論文の概要: Recurrent Dirichlet Belief Networks for Interpretable Dynamic Relational
Data Modelling
- arxiv url: http://arxiv.org/abs/2002.10235v2
- Date: Wed, 29 Apr 2020 10:54:50 GMT
- ステータス: 処理完了
- システム内更新日: 2022-12-29 03:01:21.366005
- Title: Recurrent Dirichlet Belief Networks for Interpretable Dynamic Relational
Data Modelling
- Title(参考訳): 解釈可能な動的関係データモデリングのためのリカレントディリクレ信念ネットワーク
- Authors: Yaqiong Li, Xuhui Fan, Ling Chen, Bin Li, Zheng Yu, Scott A. Sisson
- Abstract要約: Dirichlet Belief Network (DirBN) は、オブジェクトの解釈可能な深層潜伏表現の学習において有望なアプローチとして提案されている。
本稿では,動的リレーショナルデータから解釈可能な隠れ構造を研究するための動的確率的フレームワークであるRecurrent Dirichlet Belief Network(Recurrent-DBN)を提案する。
- 参考スコア(独自算出の注目度): 29.138765941440145
- License: http://arxiv.org/licenses/nonexclusive-distrib/1.0/
- Abstract: The Dirichlet Belief Network~(DirBN) has been recently proposed as a
promising approach in learning interpretable deep latent representations for
objects.
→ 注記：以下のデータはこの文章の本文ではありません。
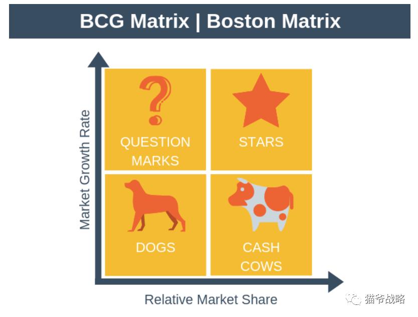 除了个人管理,还可以用来做市场分析。其中,最著名的莫过于波士顿管理咨询的产品矩阵模型了(BCG matrix):

In this work, we leverage its interpretable modelling architecture and
propose a deep dynamic probabilistic framework -- the Recurrent Dirichlet
Belief Network~(Recurrent-DBN) -- to study interpretable hidden structures from
dynamic relational data. The proposed Recurrent-DBN has the following merits:
(1) it infers interpretable and organised hierarchical latent structures for
objects within and across time steps; (2) it enables recurrent long-term
temporal dependence modelling, which outperforms the one-order Markov
descriptions in most of the dynamic probabilistic frameworks. In addition, we
develop a new inference strategy, which first upward-and-backward propagates
latent counts and then downward-and-forward samples variables, to enable
efficient Gibbs sampling for the Recurrent-DBN. We apply the Recurrent-DBN to
dynamic relational data problems. The extensive experiment results on
real-world data validate the advantages of the Recurrent-DBN over the
state-of-the-art models in interpretable latent structure discovery and
improved link prediction performance.
- Abstract(参考訳): Dirichlet Belief Network~(DirBN)は、オブジェクトの解釈可能な深層潜伏表現の学習において有望なアプローチとして提案されている。
本研究では、その解釈可能なモデリングアーキテクチャを活用し、動的関係データから解釈可能な隠れ構造を研究するための深い動的確率的フレームワーク、Recurrent Dirichlet Belief Network~(Recurrent-DBN)を提案する。
提案したリカレントDBNは,(1)時間ステップ内および時間ステップ内におけるオブジェクトの解釈可能な階層的潜在構造を推論し,整理し,(2)動的確率的フレームワークの多くにおいてマルコフ記述よりも優れた長期的時間的依存モデリングを可能にする。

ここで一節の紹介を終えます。